What beeps like a dying smoke detector, eats mangos and has a three foot wing span? Answer at the end of this post.
Our bags are packed.
This is a common occurrence for this couple of itinerant poets from the Ohio. Sara and I wait for our driver, Godwin, to pick us up and transport us back to Accra after having spent a couple days of rest and relaxation at the Ko Sa Beach Resort about three hours from the city. I am always surprised that everything fits back into the suitcases.
Rhona, our hostess back at the Lincoln Community School of Accra, made the reservations for us. She knew that the place would be a perfect site to recharge off the grid so to speak after a couple whirlwind weeks in Africa. Especially after our misadventures and misconnections trying to get to Ghana in the first place from Nigeria the relative tranquility of the gold coast was welcome respite.
Consider, we had no way of knowing if our messages to Rhona about our delay in Lagos had even got to her, our relief to see her placidly sitting in the arrival lounge of Accra international. The calm of the airport compared to the bubbling cauldron Lagos couldn’t have been more disparate.

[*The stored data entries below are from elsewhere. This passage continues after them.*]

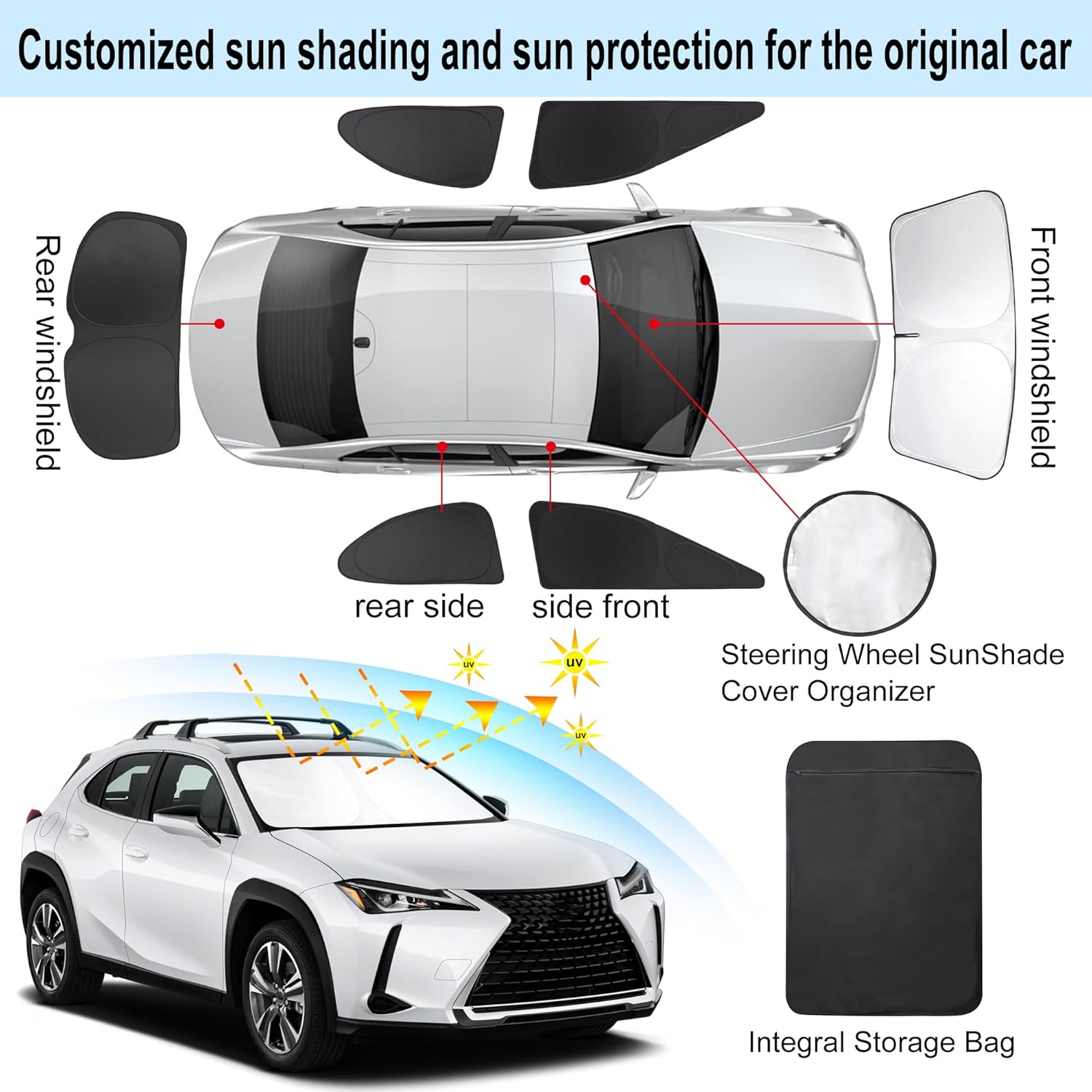 - Customized Design:The sun shade custom fit for Lexus UX 2019-2024 2025.Our window shade is according to the car size design,perfectly fit your car and does not need to trim.windshield sun shade solve the problem of light leakage and incompatibility of the old umbrellas.The sunshade designed for Lexus UX.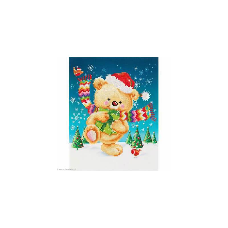 Diamond Dotz, kit diamant niveau 2- OURS DE NOEL (art. DD5013). Dimensions: 27 x 35 cm. Kit Diamant comprenant la toile adhésive imprimée à recouvrir de strass, les sachets de strass 'diamants' ronds triés par couleurs, un stylet et sa cire, un réceptacle et les explications.La toile est partiellement peinte, et n'est pas entièrement couverte de strass, uniquement les motifs qui donnent un bel aspect de relief.ATTENTION, ce n'est pas une broderie, pas de fil ni d'aiguille, mais une mosaïque.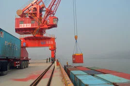 2015年,阜阳港颍州港区40吨的集装箱固定吊机安装完毕,11急到画业六王确威婷月份试运营。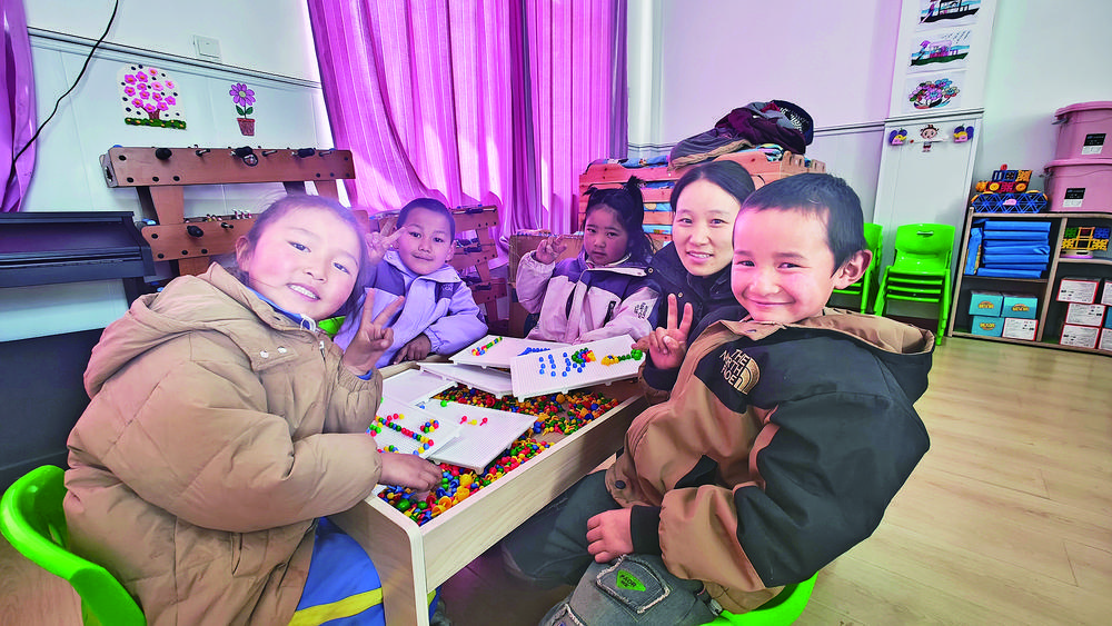 卻揚(yáng)多杰介紹,2019年政府投資1259萬元新建了教學(xué)樓、宿舍樓、食堂及操場(chǎng),還配套了相應(yīng)的教學(xué)及生活設(shè)施,同時(shí)還投資200萬元新建了幼兒園。目前小學(xué)有六個(gè)年級(jí)共121個(gè)學(xué)生,幼兒園有孩子79人?!暗轿覀冞@里上學(xué),學(xué)生什么都不用帶,人來就行,不管是學(xué)習(xí)用品還是生活用品,學(xué)校都會(huì)提供。幼兒園也是免費(fèi)上,但因?yàn)橛變簣@沒有餐食經(jīng)費(fèi),家長(zhǎng)送來的時(shí)候會(huì)給孩子帶午飯,老師也會(huì)悉心照顧孩子吃飯?!?/p>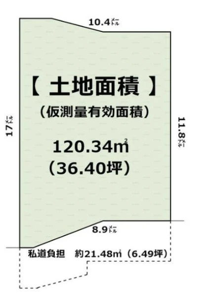 | 土地面積 | 120.34㎡ | 私道面積 | 21.48㎡ |

Off we go to Rhona’s place for a quick cup of coffee, a banana shake, some toast and conversation then into the air conditioned car which whisks us to the beach. And here you find us – ready to visit school tomorrow and start working with the students and teachers of Lincoln Community.
Find the crab.
Enjoy the pics.
And here is you answer:
African Fruit bats, they would begin beeping (they really do sound like a smoke detector or a travel alarm) and calling at dusk then again at 4am as they returned to their roosts in the tree outside of our bungalow. Unique, but still a bit early for a wake up call.